- _Work order_: Could you set down the lines from the first line of the entries below through the line with "Львовский район (с", exactly and with no pictures?

- _Task material_:
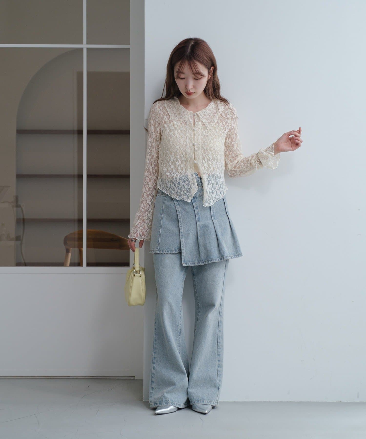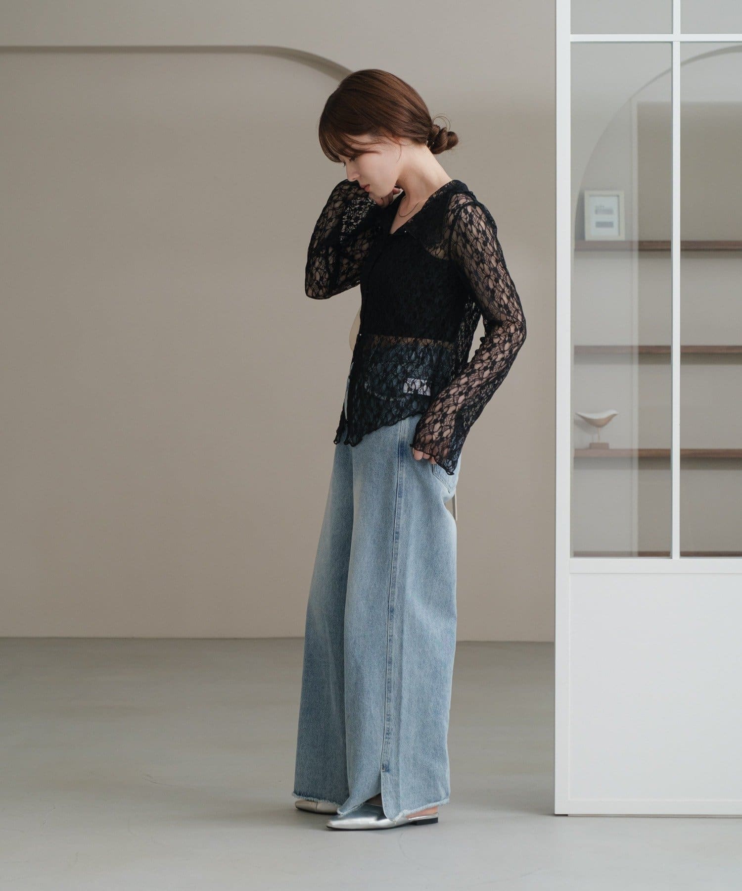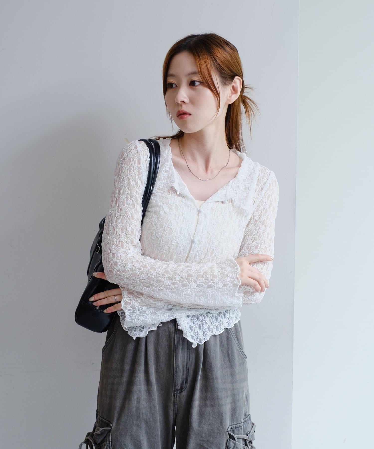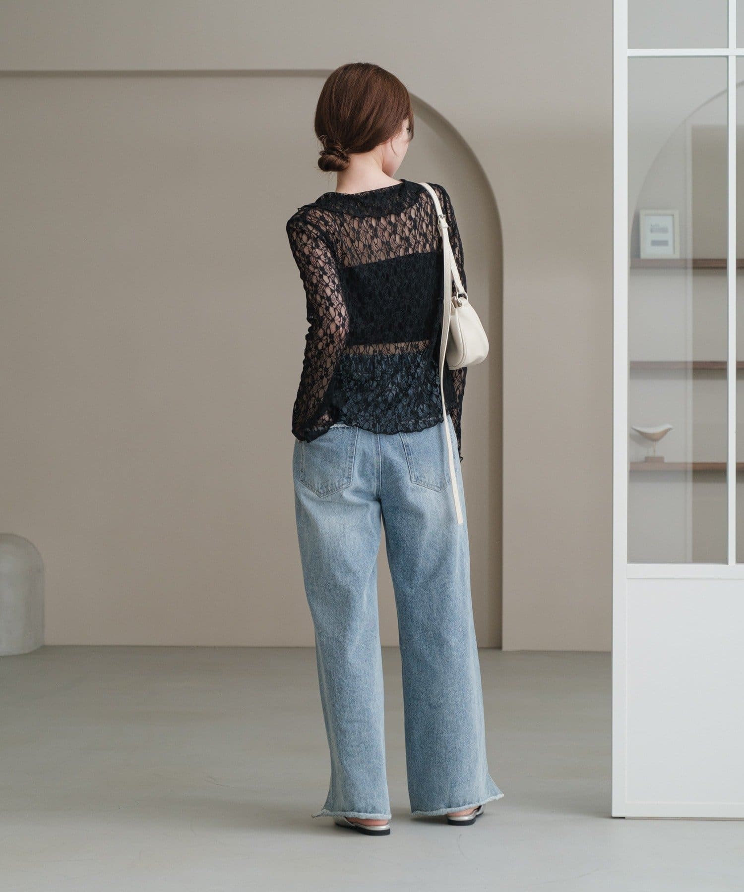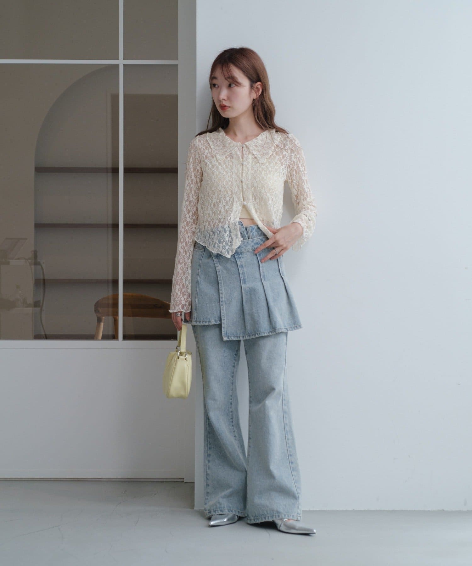 透け感のあるデザインなので、インナー次第で雰囲気が変わります。
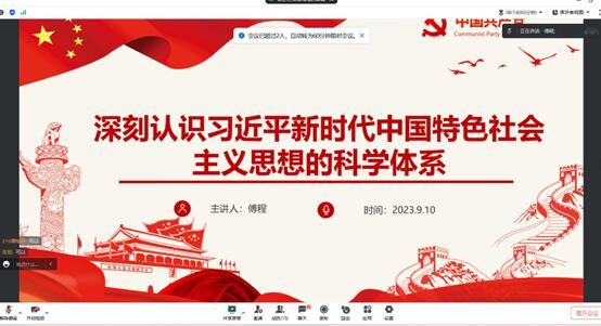 首先,傅程同志强调党员同志要深刻认识习近平新时代中国特色社会主义思想的科学体系,要理论和实践相联系,在“两个结合”中深化认识,在“两个大局”加速演进并深度互动的新时代背景下,坚持“两个结合”,推进马克思主义中国化时代化是追求真理、揭示真理、笃行真理的过程,才是我们党在理论上与时俱进,守正创新的根本途径。
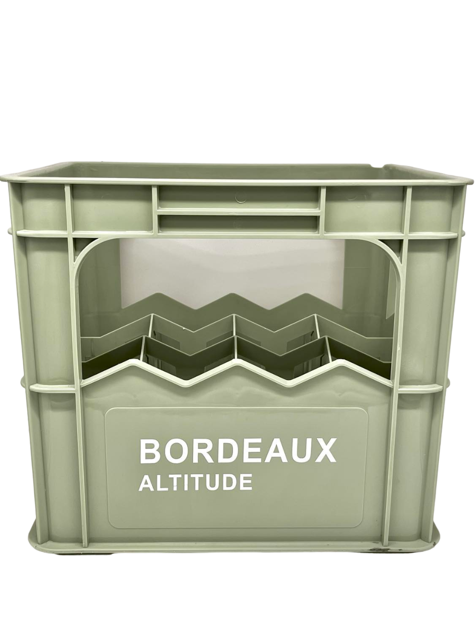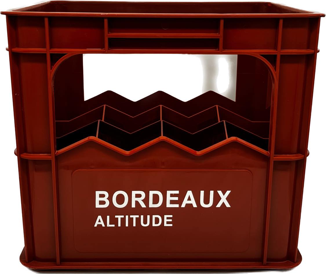 Bordeaux Altitude, la première gamme de vins de Bordeaux en bouteilles consignées et sérigraphiées, sans étiquette ni capsule, 100 % réemployable.
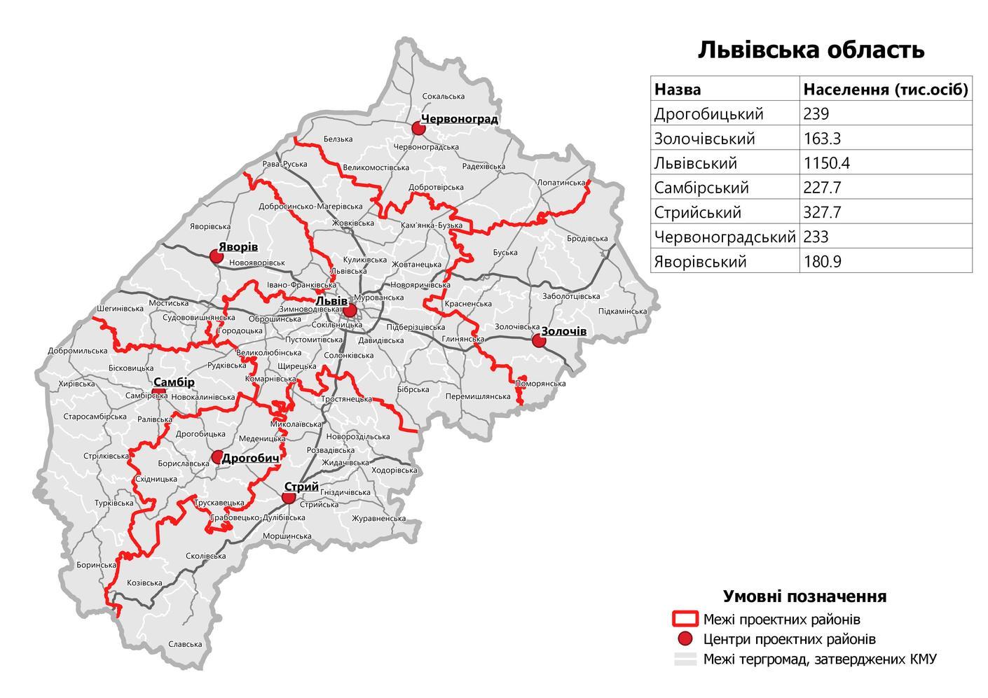 Львовский район (с административным центром в городе Львов) в составе территорий Бибрской городской, Великолюбинской поселковой, Глинянской городской, Городецкой городской, Давыдовской сельской, Добросинско-Магеровской поселковой, Жовкивской городской, Жовтанецкой сельской, Зимноводовскои сельской, Каменка-Бугской городской, Комарнивскои городской, Куликовской поселковой, Львовской городской, Муровановской сельской, Новояричовской поселковой, Оброшинской сельской, Перемышлянской городской, Пидберизцивькои сельской, Пустомытовской городской, Рава-Русской городской, Сокильницкои сельской, Соонковской сельской, Щирецкой поселковой территориальных общин;
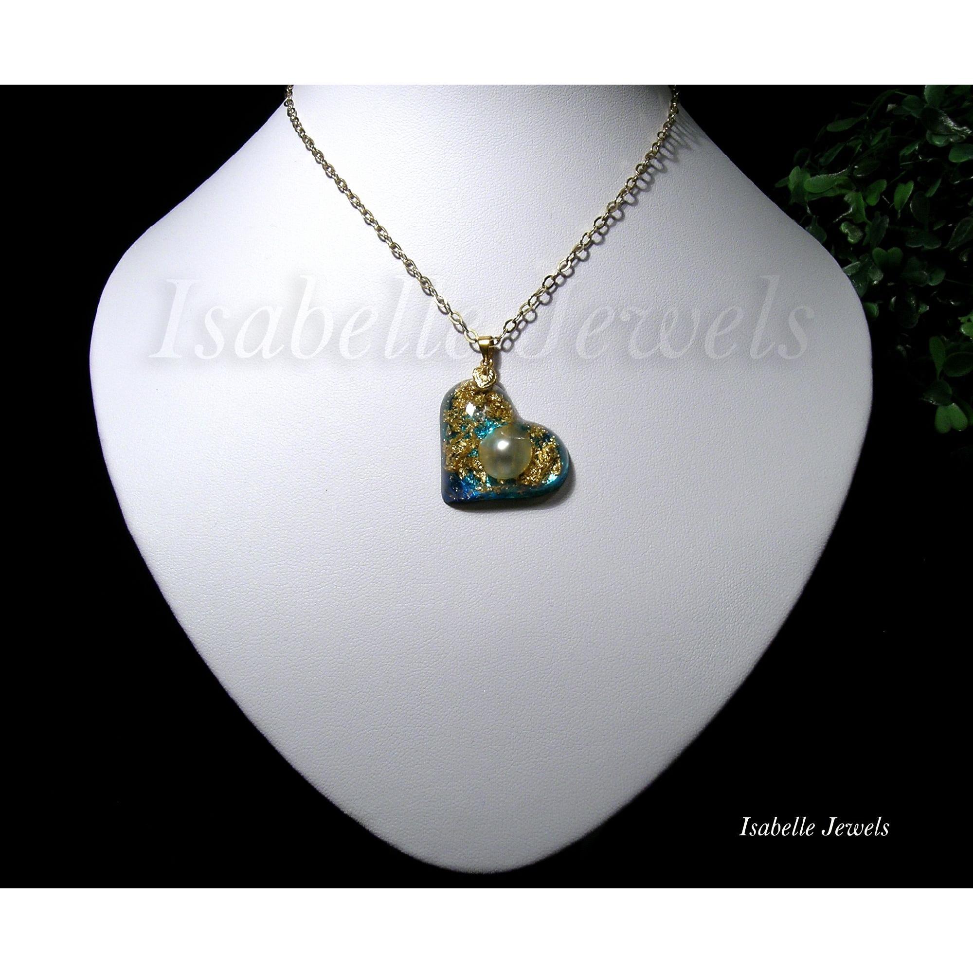 Collana con ciondolo a forma di cuore blu, con perla Mabe' e foglia oro. Minuteria in argento 925 dorato. Handmade resin, pearl, gold leaf pendant, necklace - Gioielli artigianali in resina epossidica. Handmade epoxy resin jewellery - MI TROVI ANCHE SU YouTube : Isabelle Jewels
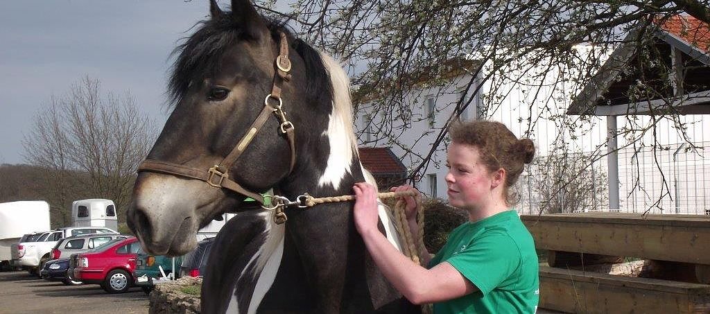 Die Stunden mit dem Kaltblut-Hengst sind für die angehende Physiotherapeutin immer was Besonderes. Sie reitet mit ihm aus oder unternimmt Kutschfahrten. Angetan habe es ihr der Pferdesport. Sie beteilige sich an Dressur- und Springreiten. Auch am kommenden Sonntag werde sie auf dem Farmgelände zwischen Herreden und Hochstedt sein. Erstmals in Thüringen erfolge hier ein Indoor-Gelände-Springen. Das sei ein spezielles Turnier für Vielseitigkeitsreiter in einer Halle, ausgestattet mit festen Geländehindernissen.

- _Exercise solution_:
 透け感のあるデザインなので、インナー次第で雰囲気が変わります。
 首先,傅程同志强调党员同志要深刻认识习近平新时代中国特色社会主义思想的科学体系,要理论和实践相联系,在“两个结合”中深化认识,在“两个大局”加速演进并深度互动的新时代背景下,坚持“两个结合”,推进马克思主义中国化时代化是追求真理、揭示真理、笃行真理的过程,才是我们党在理论上与时俱进,守正创新的根本途径。
 Bordeaux Altitude, la première gamme de vins de Bordeaux en bouteilles consignées et sérigraphiées, sans étiquette ni capsule, 100 % réemployable.
 Львовский район (с административным центром в городе Львов) в составе территорий Бибрской городской, Великолюбинской поселковой, Глинянской городской, Городецкой городской, Давыдовской сельской, Добросинско-Магеровской поселковой, Жовкивской городской, Жовтанецкой сельской, Зимноводовскои сельской, Каменка-Бугской городской, Комарнивскои городской, Куликовской поселковой, Львовской городской, Муровановской сельской, Новояричовской поселковой, Оброшинской сельской, Перемышлянской городской, Пидберизцивькои сельской, Пустомытовской городской, Рава-Русской городской, Сокильницкои сельской, Соонковской сельской, Щирецкой поселковой территориальных общин;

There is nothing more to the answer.